Racial Protest Puts Us On the Map

This Associated Press article about a local hotel owner and his troubles with outraged Hispanic protestors, which ran in USA Today in the Travel News section, was no news to us. We've been watching the protestors for months (first reference in The Taos News was in its August 19 issue).

So, this little song-and-dance is getting old.

My beef starts with a safety concern: the hotel is right at the spot where the northbound Paseo del Pueblo Sur (goes from two lanes to one, usually with heavy traffic. So, there's a merge, with the right lane disappearing, right where the protestors usually hang out. I haven't heard of anyone getting run over yet, but I wouldn't be surprised if there have been a couple of close encounters between vehicle and Brown Beret.
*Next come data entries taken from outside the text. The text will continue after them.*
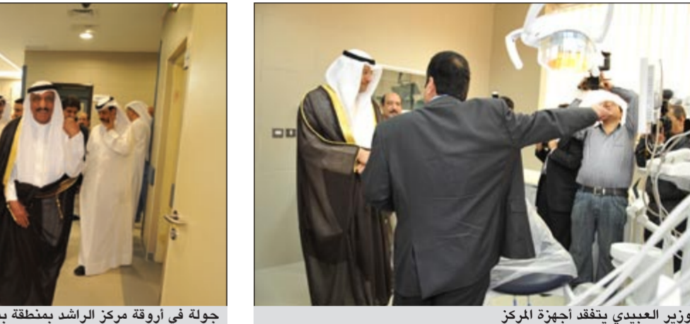
الوزير العبيدي يتفقد أجهزة المركز

من جانبه أكد وكيل وزارة الصحة د.خالد السهلاوي أن المنطقة التي يقع بها المركز تبعد عن أقرب مستشفى، وهي العبدان بوقت كبير ولهذا تم تجهيز غرفة طوارئ نظرا لتخوع الحالات، حيث إن بعضها يستدعي دخول المستشفى، وحالات أخرى يمكن لطبيب الطوارئ علاجها داخل العيادة مثل الإصابة بضربة شمس أو لدغ الحشرات والجفاف والاختناقات البسيطة، وهي أمور يمكن التعامل معها خاصة في فترة الصيف وأشار إلى أن المركز يضم عيادة أسنان ومختبرا لمرضى الأمراض المزمنة لإجراء الفحوصات حيث يحتاجون إليها في الإجازات الأسبوعية للمتابعة.
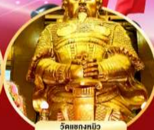
วัดเขกงกมิว ขอพรโชคลาภ การเงิน และธุรกิจ
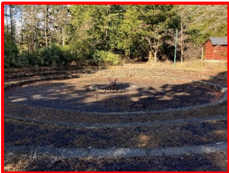
【第一営火場】 最大定員：約 300 名 電源、照明、水道有、円形3段づく
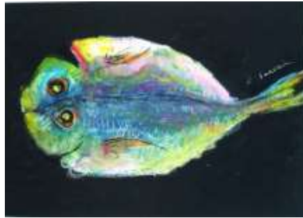
No.2 「アジの開きを描く」
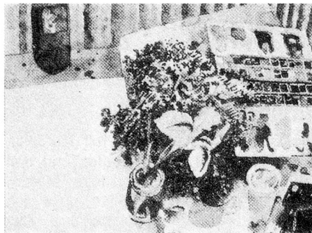
Palette genevoise, aquarelle de Samuel Buri, au Musée de Zoug.

Parallel zu der thematischen Ausstellung «Desing – Formgebung für jedermann» ist es möglich, eine Sammlung von Designobjekten amerikanischer Herkunft zu zeigen. Sie führen von den dreissiger bis in die fünfziger Jahre und verkörpern das Styling dieser Epoche. Es sind Radios, Bügeleisen, Toaster, Uhren, Thermosflaschen, Syphonflaschen und andere Gegenstände aus dem häuslichen Gebrauch. Die Stromlinie, das Bakelit, glänzender Chromstahl treten in Erscheinung, es ist eine bunte und reiche Formensprache, die Nostalgiegefühle weckt, aber auch aktuell ist durch ihre Bezüge zu dem heute in amerikanischen Designer- und Architektenkreisen um sich greifenden «New Ornamentalism». Nicht übersehen darf man den soliden Gebrauchswert dieser Objekte und ihre genau kalkulierte Marktfähigkeit in einer zu ihrer Entstehungszeit als modisch neu geltenden Marchart. Rund 150 dieser Beispiele einer der populären Geschmackskulturen im 20. Jahrhundert vereint die Ausstellung. Heute sind es begehrte Sammelobjekte. Sie laden zum Formenstudium ein und sind ein Schauvergnügen. Eine Bucher- und Zeitschriftendokumentation mit Designliteratur aus der Zeit ergänzt die Ausstellung.
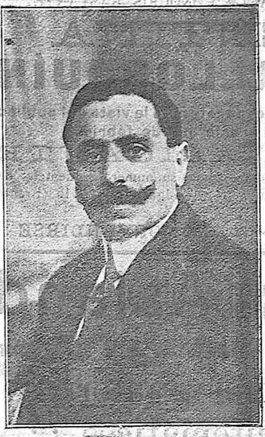
El salto de la muerte

Esa es mi manera de enseñar, y no presento ningún perro al público hasta que no veo que él está convencido que tiene que trabajar; aún así Dios sabe lo que yo sufro cuando están trabajando, a pesar de tener la seguridad que lo tienen que hacer bien; pero una distracción, un movimiento brusco en el escenario, cualquier tontería puede
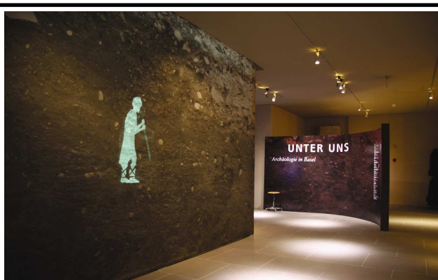
Animierte Figuren auf den Wänden

Beyond that, I don't know what is being accomplished. Larry Whitten, the benighted, insensitive owner of the hotel, seems determined not to turn and run, though he's undoubtedly leaking money (and he probably wants to get past this disaster before he tries to sell it). The employees who were fired--for whatever reason, it has not been made real clear--aren't getting their jobs back. The protestors are getting plenty of fresh air. Taos Mayor Darren Cordova said Whitten hadn't done anything illegal--no labor violation, I guess--and I'm guessing he checked to see. There just doesn't seem to be much resolution in the air.

As far as publicity, the protestors' group and the hotel each get some, none of it good. The town was described in generally favorable terms.

The Subtext: Perceived Slights to the Majority Group

The reporting has focused on Whitten's request to a couple of Hispanic employees to Anglicize their names for calls on the switchboard. CNN picked up the story today and had a long piece, including a phone conversation with Whitten, during which two women reporters talked to each other (with him on the line) about how he needed therapy for his insensitivity. Then they cut to a colleague, Rick Sanchez, who told them he had done the same with his name--to fit in and have more success in an Anglo-dominant society--and thought Whitten had a point.

The point here is that Taos is a highly progressive community with an Hispanic majority, and there is a little bit of PC bullying about the whole thing. There may be injustice involved, but there's plenty of that around. I'm just hoping this ends without any resort to violence, or to arson--as occurred recently with the homeless shelter.